Requires CORS and triggers a preflight

Streaming requests have a body, but don't have a Content-Length header. That's a new kind of request, so CORS is required, and these requests always trigger a preflight.

Streaming no-cors requests are not allowed.

Doesn't work on HTTP/1.x

The fetch will be rejected if the connection is HTTP/1.x.

This is because, according to HTTP/1.1 rules, request and response bodies either need to send a Content-Length header, so the other side knows how much data it'll receive, or change the format of the message to use chunked encoding. With chunked encoding, the body is split into parts, each with their own content length.

Chunked encoding is pretty common when it comes to HTTP/1.1 responses, but very rare when it comes to requests, so it's too much of a compatibility risk.

Potential issues

This is a new feature, and one that's underused on the internet today. Here are some issues to look out for:

Incompatibility on the server side

Some app servers don't support streaming requests, and instead wait for the full request to be received before letting you see any of it, which kinda defeats the point. Instead, use an app server that supports streaming, like NodeJS or Deno.

But, you're not out of the woods yet! The application server, such as NodeJS, usually sits behind another server, often called a "front-end server", which may in turn sit behind a CDN. If any of those decide to buffer the request before giving it to the next server in the chain, you lose the benefit of request streaming.

Incompatibility outside of your control

Since this feature only works over HTTPS, you don't need to worry about proxies between you and the user, but the user may be running a proxy on their machine. Some internet protection software does this to allow it to monitor everything that goes between the browser and network, and there may be cases where this software buffers request bodies.

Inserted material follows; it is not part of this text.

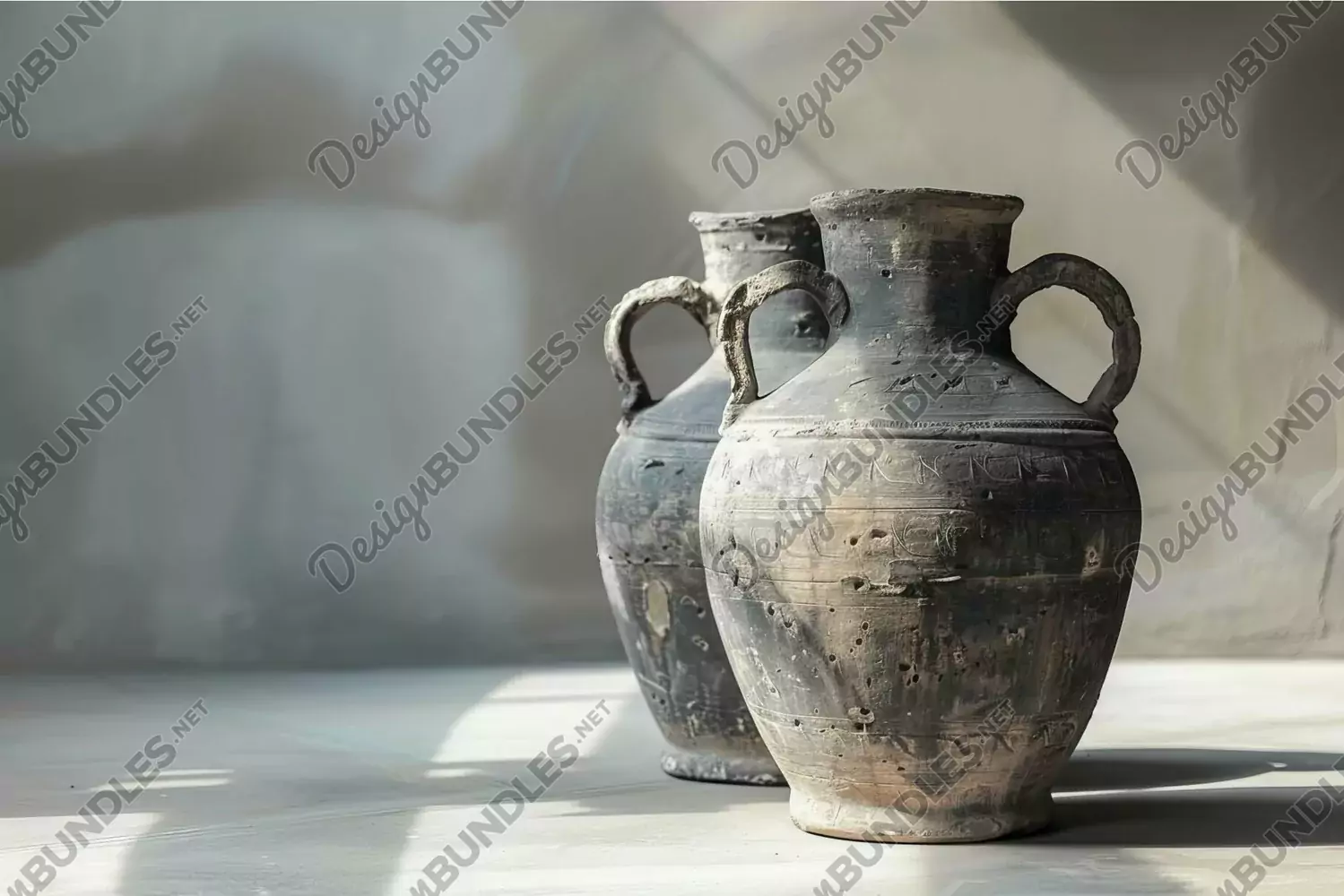 Similar Design Products to Two ancient greek amphorae standing on a white stone floor a

If you want to protect against this, you can create a 'feature test' similar to the demo above, where you try to stream some data without closing the stream. If the server receives the data, it can respond via a different fetch. Once this happens, you know the client supports streaming requests end-to-end.

Feature detection

const supportsRequestStreams = (() => {
  let duplexAccessed = false;

  const hasContentType = new Request('', {
    body: new ReadableStream(),
    method: 'POST',
    get duplex() {
      duplexAccessed = true;
      return 'half';
    },
  }).headers.has('Content-Type');

  return duplexAccessed && !hasContentType;
})();

if (supportsRequestStreams) {
  // …
} else {
  // …
}

If you're curious, here's how the feature detection works:

If the browser doesn't support a particular body type, it calls toString() on the object and uses the result as the body. So, if the browser doesn't support request streams, the request body becomes the string "[object ReadableStream]". When a string is used as a body, it conveniently sets the Content-Type header to text/plain;charset=UTF-8. So, if that header is set, then we know the browser doesn't support streams in request objects, and we can exit early.

Safari does support streams in request objects, but doesn't allow them to be used with fetch, so the duplex option is tested, which Safari doesn't currently support.

Using with writable streams

Sometimes it's easier to work with streams when you have a WritableStream. You can do this using an 'identity' stream, which is a readable/writable pair that takes anything that's passed to its writable end, and sends it to the readable end. You can create one of these by creating a TransformStream without any arguments:

const {readable, writable} = new TransformStream();

const responsePromise = fetch(url, {
  method: 'POST',
  body: readable,
});

Now, anything you send to the writable stream will be part of the request. This lets you compose streams together. For instance, here's a silly example where data is fetched from one URL, compressed, and sent to another URL:

// Get from url1:
const response = await fetch(url1);
const {readable, writable} = new TransformStream();

// Compress the data from url1:
response.body.pipeThrough(new CompressionStream('gzip')).pipeTo(writable);

// Post to url2:
await fetch(url2, {
  method: 'POST',
  body: readable,
});

The above example uses compression streams to compress arbitrary data using gzip.